The committee says that there should also be a review of the criteria used to define safe countries of origin and safe third countries in the two annexes to the directive. My noble friend Lord Lester in questioning one of the witnesses before the committee referred to,

"a very strange list of the human rights that are relevant", in deciding what is a safe country. He suggested that if there is to be a list of criteria, at least it should include all the well-known and relevant international standards. I am very sorry that the Government have resisted the committee's recommendation on that matter against all the professional advice which we have in the public domain, although we do not know what advice the Government have been given which leads them to a contrary opinion. Perhaps the Minister could usefully say something on that matter today.

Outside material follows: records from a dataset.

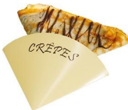
0310226 PORTA CRÊPES 1/4 CARTONCINO POLITENATO CREMA pz/conf pcs/pack 250 pz/cart pcs/box 500

Pure cellulose paper obtained matching white paper (inside) with kraft one (outside)
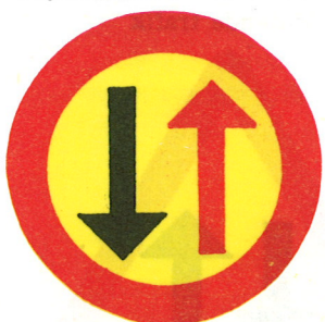
Väjningsplikt vid möte
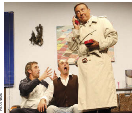
Teatraca va estrenar l'1 de novembre el vodevil 'Taxi' al Kursaal
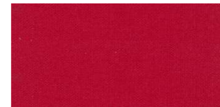
AB439 COL. ROSSO
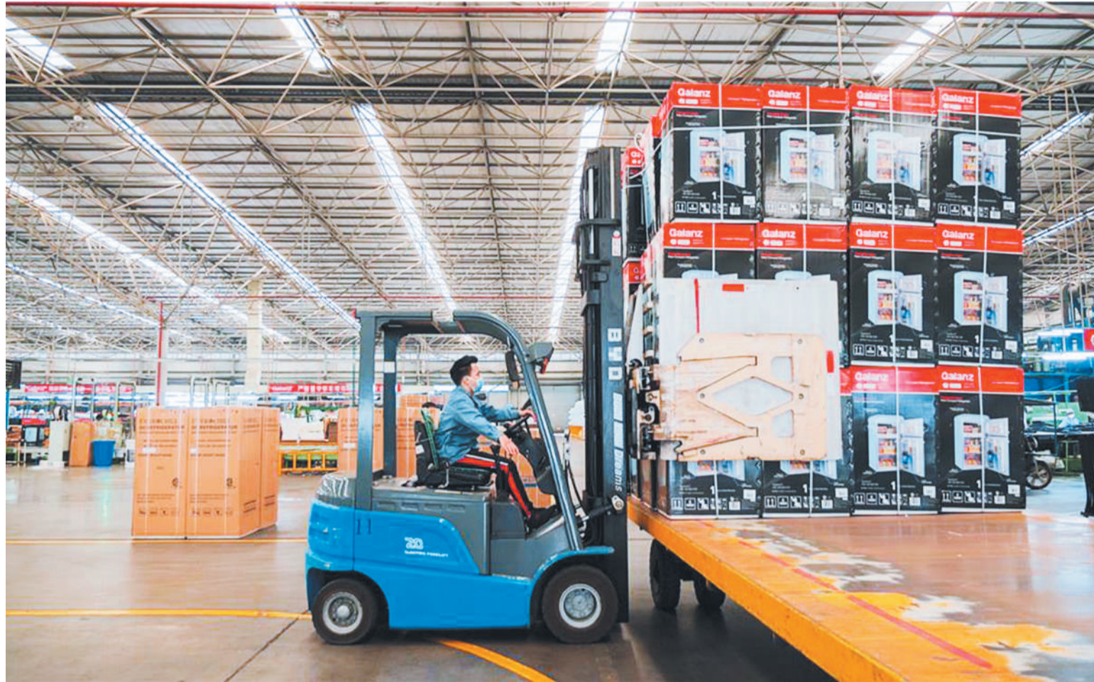
在位于格兰仕集团中山基地的冰箱制造车间,工人正在装运销往美国的整机产品。
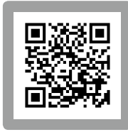
▲インターネットでも応募できます。

■コロナ2回目のワクチンを打つて来たのですが息子が「大丈夫?痛くなかった?ママよく頑張ったね」と注射されたところをさすって心配してくれました。先月就学前の注射を打ったばかりだった。私が息子にした事をそのまま返してくれ
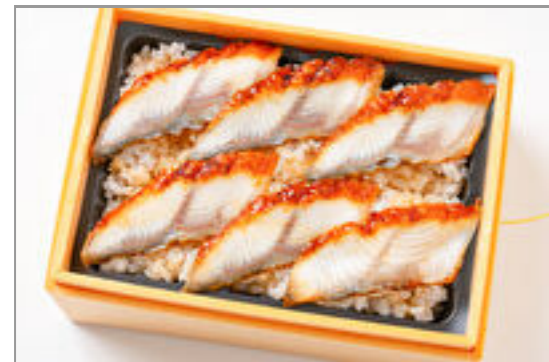
【温まる】Hot!うな重(寿) 2,000円(税込2,160円) / 品番:TKJO012
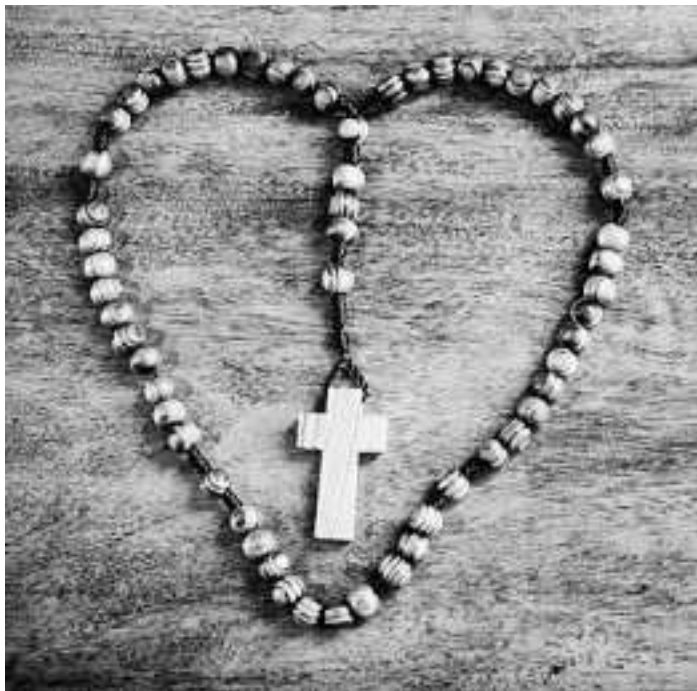
SB Foto: SB

Kontakt: Silke und Klaus Bruder, (0 78 05) 9 16 70 04

In our own system that means that the applicant has no right of appeal from an adjudicator's decision once a claim has been treated as exceptional. The quality of the first decision of course is the same for everyone, as Mrs Roche made clear before the committee. But when a case is certified the adjudicator's decision is final, except for the remote possibility of a successful judicial review. The judges of the IAT were very critical of the accelerated procedures. Mr Ockelton's describes the process. He said:

"The Secretary of State picks up certain types of cases and certifies that they are cases which for one reason or another are cases without merit. There is an appeal to an Adjudicator and if he agrees with the conditions of certification there is no appeal to the Tribunal and therefore, the alternative procedure of judicially reviewing the certificate, which is much more expensive and longer, takes place with, in a substantial minority of cases, the result that the certificate is set aside, and the matter . . . comes before the Tribunal. The effect of accelerating the procedure is to add several months and many hundreds of pounds to the cost of dealing with it".

That cannot make any sense. I hope that the Government will think again on this particular recommendation.

Finally, I raise a matter which has not been mentioned. The committee is critical of the directive's lack of clarity about the reasons for detention and the potential width of the grounds on which an applicant can lawfully be detained. The committee believes that Article 11 should make it clear that detention is only permissible when it is in accordance with Article 5 ECHR and UNHCR standards. It wants the directive to include a general statement on the presumption of liberty. I am sorry to note that the Government reject any references to the ECHR and UNHCR standards and they do not say anything at all about the presumption of liberty.

I asked in the recent debate on prisons when the Government were going to introduce Part III of the Immigration and Asylum Act 1999, which provides for routine bail hearings of people detained under the Immigration Act. I should be grateful if the Minister could reply to that question this evening.

At the end of May there were 1,144 Immigration Act detainees in our prisons. Although the noble Lord, Lord Rooker, told the House that under the Act no one would remain in prison by Christmas, the other day the Home Office announced that Dover Young Offender Institution was in the process of being converted to be used as a place in which Immigration Act prisoners were to be detained and that it was opening in January 2002. There is a little inconsistency between those two statements. On the one hand, they are going to close down all the prisons used for Immigration Act detainees by Christmas and on the other they are going to open a new one in January next year. I should be grateful if the Minister in his reply can explain that discrepancy.

We are most grateful to the noble and learned Lord, Lord Hope of Craighead, for an excellent report. This has been a very useful debate. I hope that before long we shall have an opportunity of setting this directive side by side with all the remaining ones and that before any of them become law in Europe we shall have the opportunity of debating them together.